● WORK REQUIRED
Each line from the one holding "ピンクのさざんかの花が咲いて" through the end of the records should be returned exactly, while pictures are skipped.
(Beginning of GIVEN RECORDS)
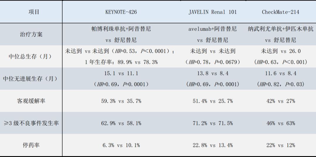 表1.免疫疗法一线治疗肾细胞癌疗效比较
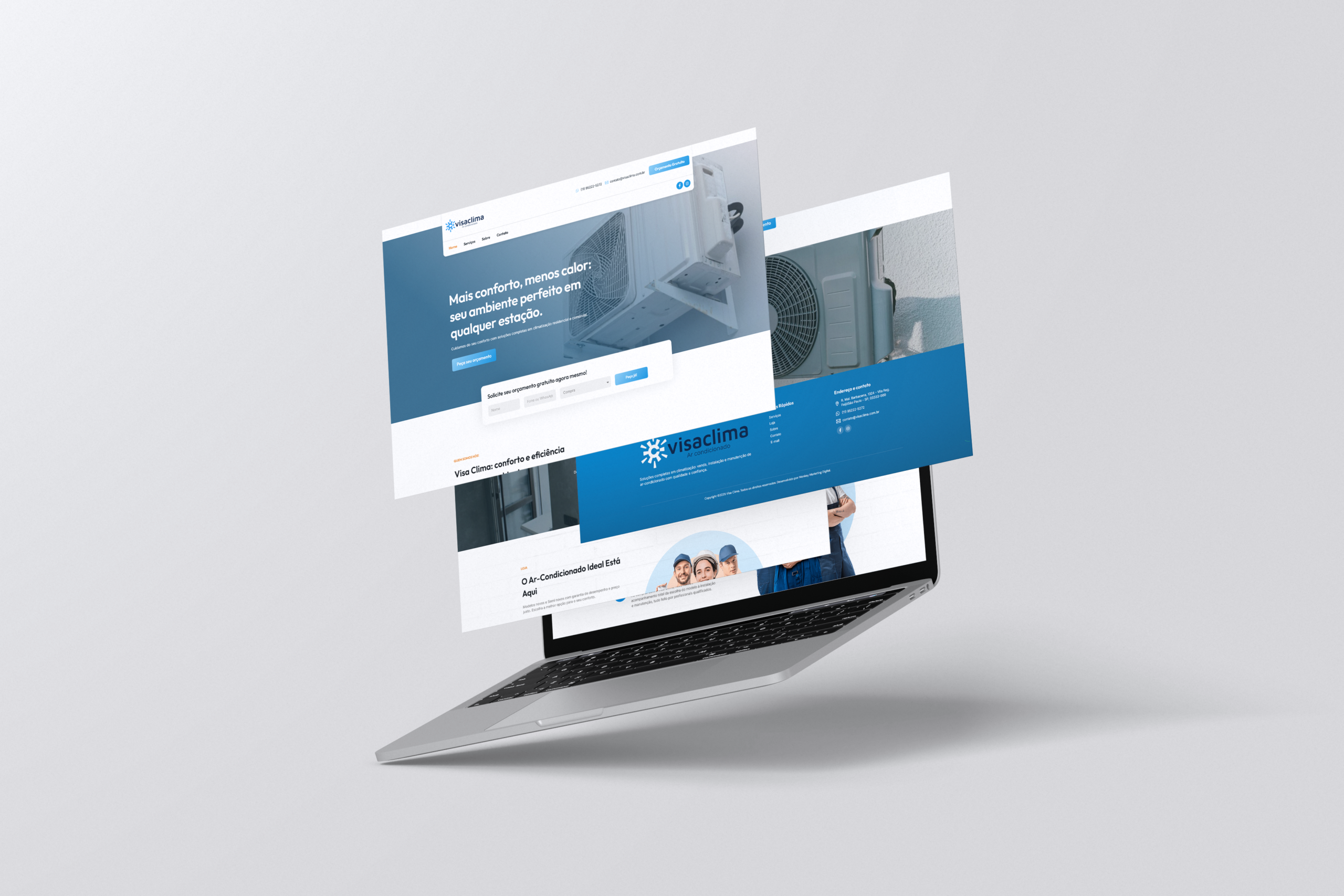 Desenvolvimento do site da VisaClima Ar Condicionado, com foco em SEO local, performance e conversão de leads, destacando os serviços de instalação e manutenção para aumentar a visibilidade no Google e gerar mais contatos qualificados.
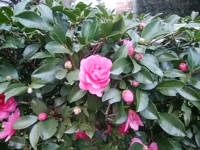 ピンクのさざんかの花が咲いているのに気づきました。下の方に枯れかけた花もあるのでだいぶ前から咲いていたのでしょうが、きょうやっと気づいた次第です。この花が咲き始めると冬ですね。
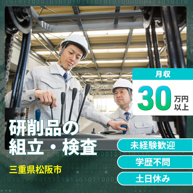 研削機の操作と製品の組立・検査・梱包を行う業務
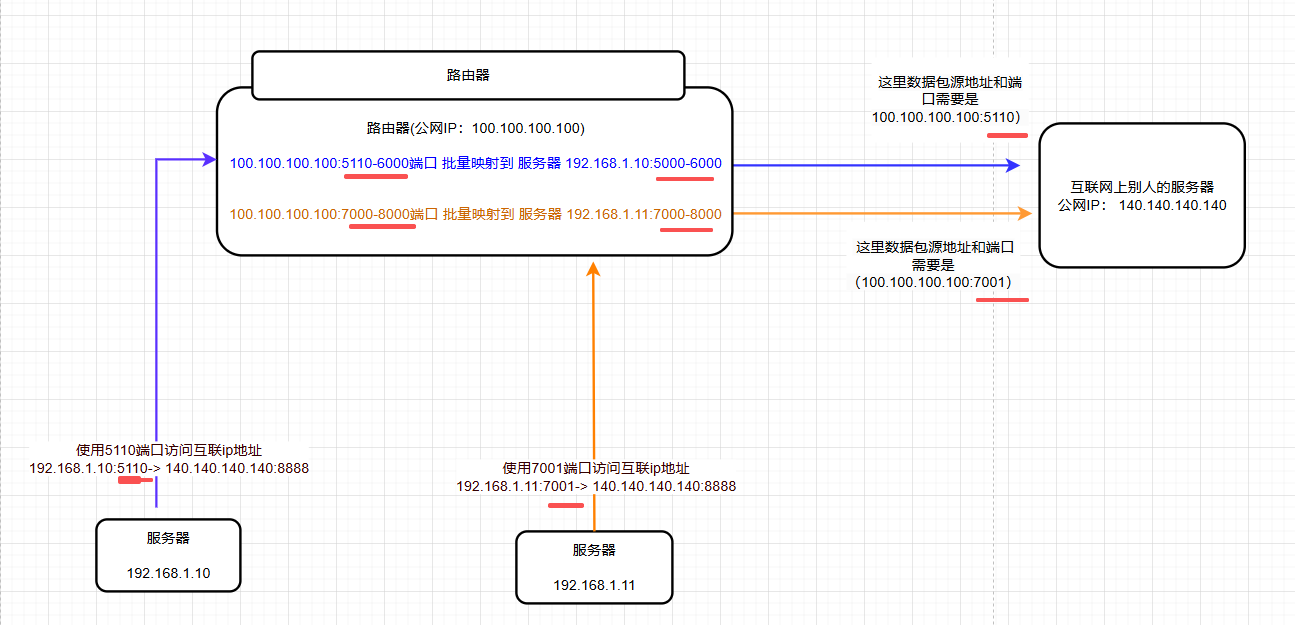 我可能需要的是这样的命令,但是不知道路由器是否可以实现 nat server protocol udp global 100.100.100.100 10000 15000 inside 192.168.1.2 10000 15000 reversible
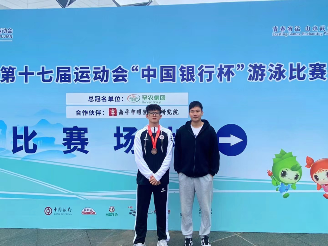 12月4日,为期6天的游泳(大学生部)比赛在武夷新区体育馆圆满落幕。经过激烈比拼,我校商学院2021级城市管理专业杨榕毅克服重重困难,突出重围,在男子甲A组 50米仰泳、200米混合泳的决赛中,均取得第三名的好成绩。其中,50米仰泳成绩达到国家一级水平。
(End of GIVEN RECORDS)
● SOLVED EXERCISE
 ピンクのさざんかの花が咲いているのに気づきました。下の方に枯れかけた花もあるのでだいぶ前から咲いていたのでしょうが、きょうやっと気づいた次第です。この花が咲き始めると冬ですね。
 研削機の操作と製品の組立・検査・梱包を行う業務
 我可能需要的是这样的命令,但是不知道路由器是否可以实现 nat server protocol udp global 100.100.100.100 10000 15000 inside 192.168.1.2 10000 15000 reversible
 12月4日,为期6天的游泳(大学生部)比赛在武夷新区体育馆圆满落幕。经过激烈比拼,我校商学院2021级城市管理专业杨榕毅克服重重困难,突出重围,在男子甲A组 50米仰泳、200米混合泳的决赛中,均取得第三名的好成绩。其中,50米仰泳成绩达到国家一级水平。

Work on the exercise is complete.